The IBM survey found that in order for a business to be best placed for success, it needs to be responsive to changing needs, particularly those related to customer service. The business must optimise, streamline and align business processes to create a customer impact, determine performance, advantages over competition and solid business growth.

A service oriented approach:

The results of this survey showed that a service oriented approach was valued by and central to the approach of the highest performing businesses. In these businesses, processes, people and information were effectively coordinated across the organisation and service auditing tools were utilised to make the customer service experience a tangible concept for the organisation to work with.

Service auditing, including but not limited to Net Promoter Scores (NPS), tell a business whether customers would recommend the organisation to friends and colleagues. This information is infinitely useful in confirming the responsibility of staff to build quality relationships with customers and predicting revenue, customer loyalty and the likelihood of business being referred. Accurately predicting customer behaviour enables information to be appropriately acted upon – managers can work with this information to increase the number of ‘promoters’ of the business while simultaneously reducing the number of ‘detractors’. Identifying and working with these elements of the customer experience makes a lot more sense than asking managers to ‘increase customer satisfaction by one standard deviation’!

Commonly used strategies to improve the experience of customers:

With sufficiently collected data decisions on how to work with your staff to improve customer experience can be made. Technological, procedural and structural changes, as well as enhancing awareness and visibility of service expectations and behaviours are strategies that can result from customer experience intel. Training directed at leaders and frontline teams can have a powerful impact. Quality sales training can help every business to enhance its conversion of interest to sales and offer a superior level of service, together with customer and staff satisfaction. Similarly, high quality customer service training has consistently had a positive impact on customers and the business’ bottom line. When customers feel valued and that they have received responsive and attentive treatment, they are more likely to return and share their positive experiences with others, thereby bringing new business to an enterprise.

A coordinated approach:

The IBM survey revealed that in the highest performing organisations, collaboration and integration are key features. Many enterprises invest in their people through quality training and, if you are serious about having your staff work in a coordinated and connected way, there is great benefit in having teams of employees undertake training together (or at least undertaking the same course).

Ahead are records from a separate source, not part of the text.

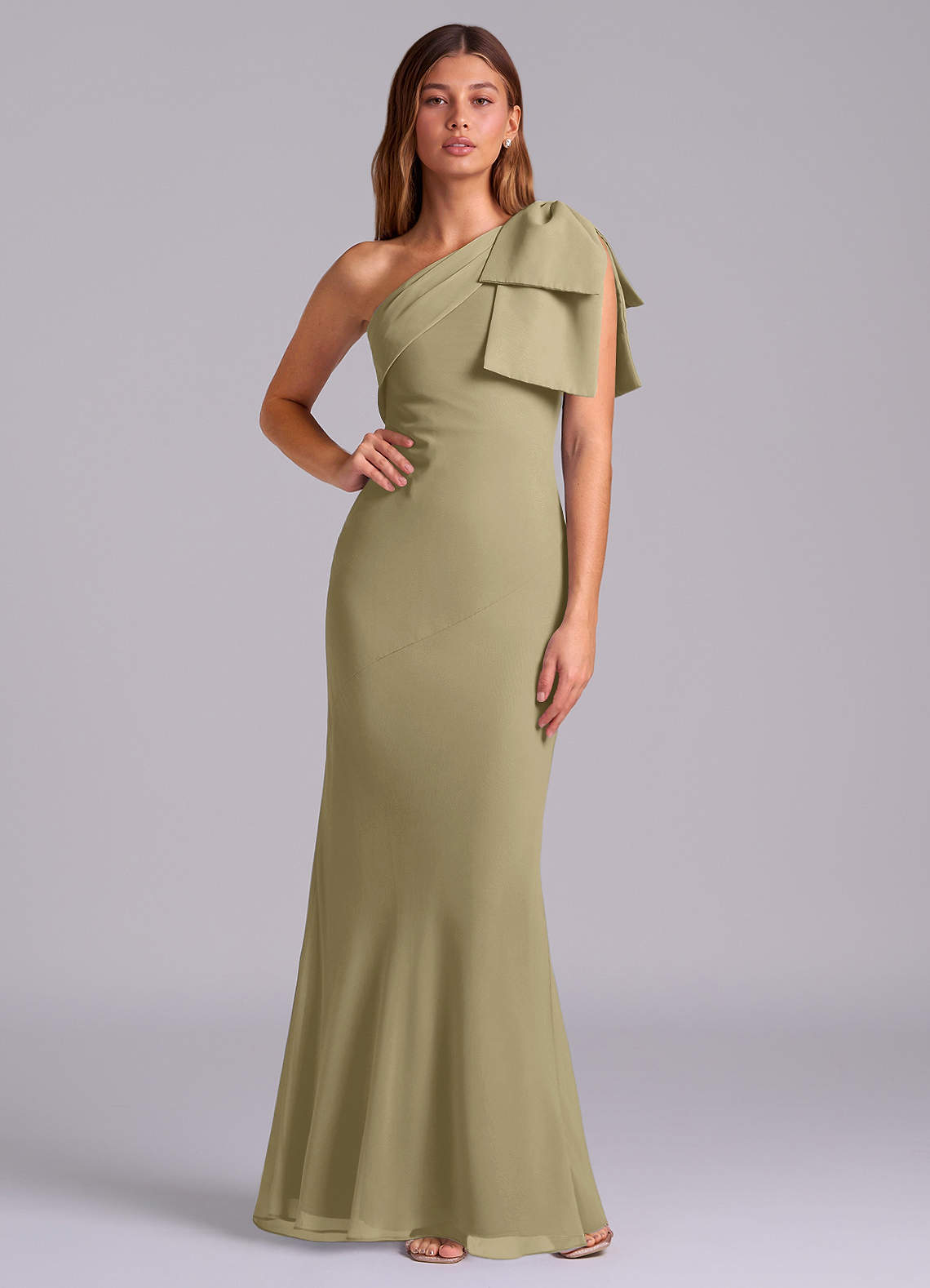 Robe Sirène en Mousseline de soie Une épaule Vert Mousse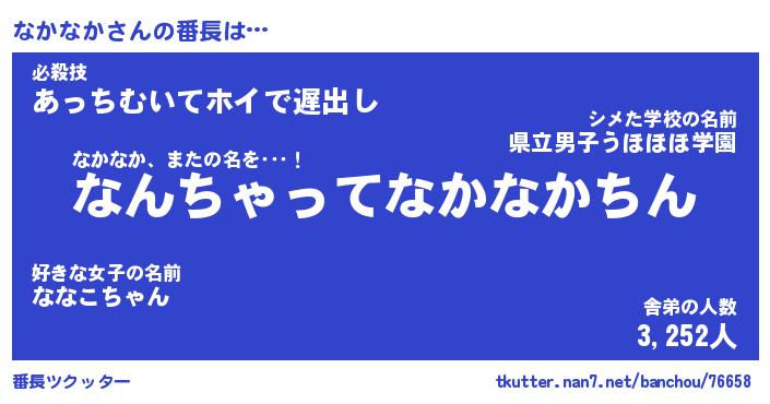 | 意味不明あだ名 | 『ペロリンなかなか』『永久保存なかなか』 |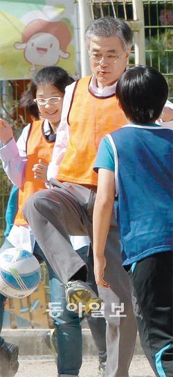 文, 초등학교로 민주통합당 문재인 대선후보가 8일 경기 성남 시 보평초등학교를 찾아 학생들과 축구를 하고 있다. 그는 이 학교 일일 보조교사로 강단에 서서 “아이들 행복을 가장 높은 가치로 생각하는 교육정책을 펴고 싶다”고 말했다. 성남=안철민 기자 acm08@donga.com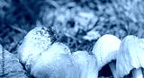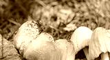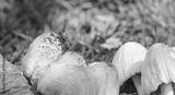 Close examination shows a bee perched on mushroom caps, highlighting intricate anatomical features and natural textures. The soft light enhances the detailed structure of both the bee and fungi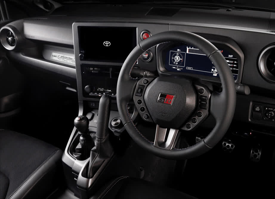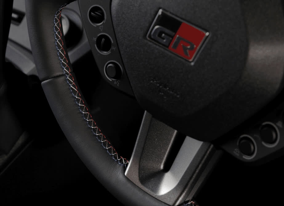 外观套件上,该GR Yaris也获得专属的引擎盖开口,前后蓝色的刹车卡钳和大尾翼加持,前格栅上也镶嵌上代表车手国际(法国)的三原色点缀,整车颜色也是丰田在2025年的运动色Black Gravite,一眼这能看出这辆特别版GR Yaris特别的身份。
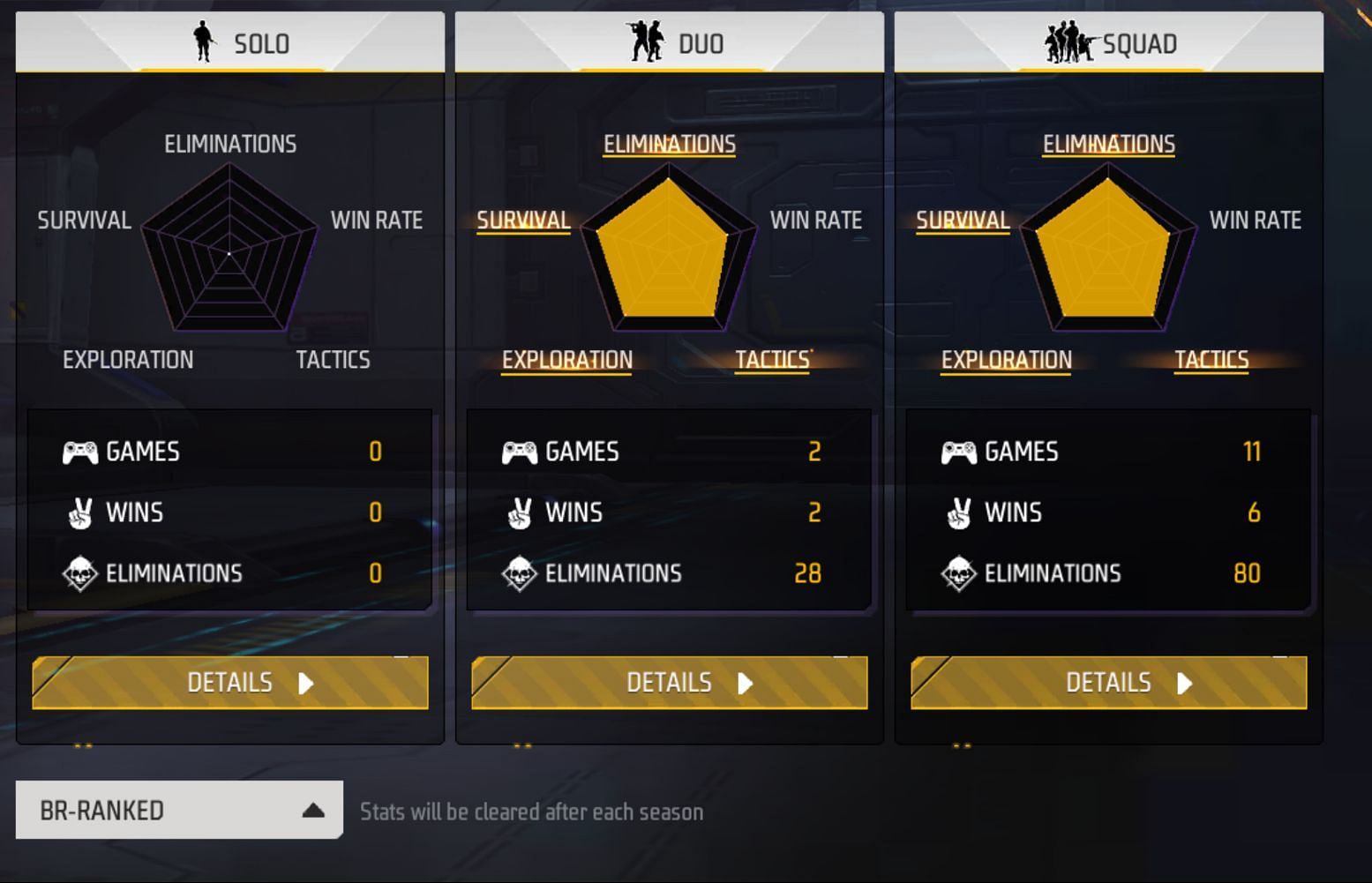 Gyan Rishabh ने फ्री फायर मैक्स में क्लैश स्क्वाड रैंक मोड के अंदर 11 स्क्वाड मैच खेले हैं और उन्हें 6 में जीत मिली हैं। इस दौरान उन्होंने 80 किल्स किये हैं और उनका K/D रेश्यो 28 का है। इसके साथ ही उन्होंने डुओ मोड में 2 मैच खेले हैं और 2 में जीत हासिल की है। उन्होंने 28 किल्स कर चुके हैं और उनका K/D रेश्यो 8 का है। इस खिलाड़ी ने सोलो मोड स्टैट्स शून्य है।

When personnel share the experience of customer service training, performance training, management training or training for team building, they are best positioned to support each other in applying the skills and knowledge they have learned to practical situations. Having staff undertake training together offers best value for your investment as new approaches will be mutually reinforced and implemented.

Carefully and thoughtfully considering the approach and priorities of industry leaders and the highest achieving businesses is very useful for businesses that are committed to enhancing performance and the experience of customers while driving up profit margins. Quality service auditing tools yield data showing the reality of customer experiences with a business; when this data is analysed and used to guide customer service strategy and develop customer service capabilities, the profitability, performance and rates of customer retention and referred business will improve.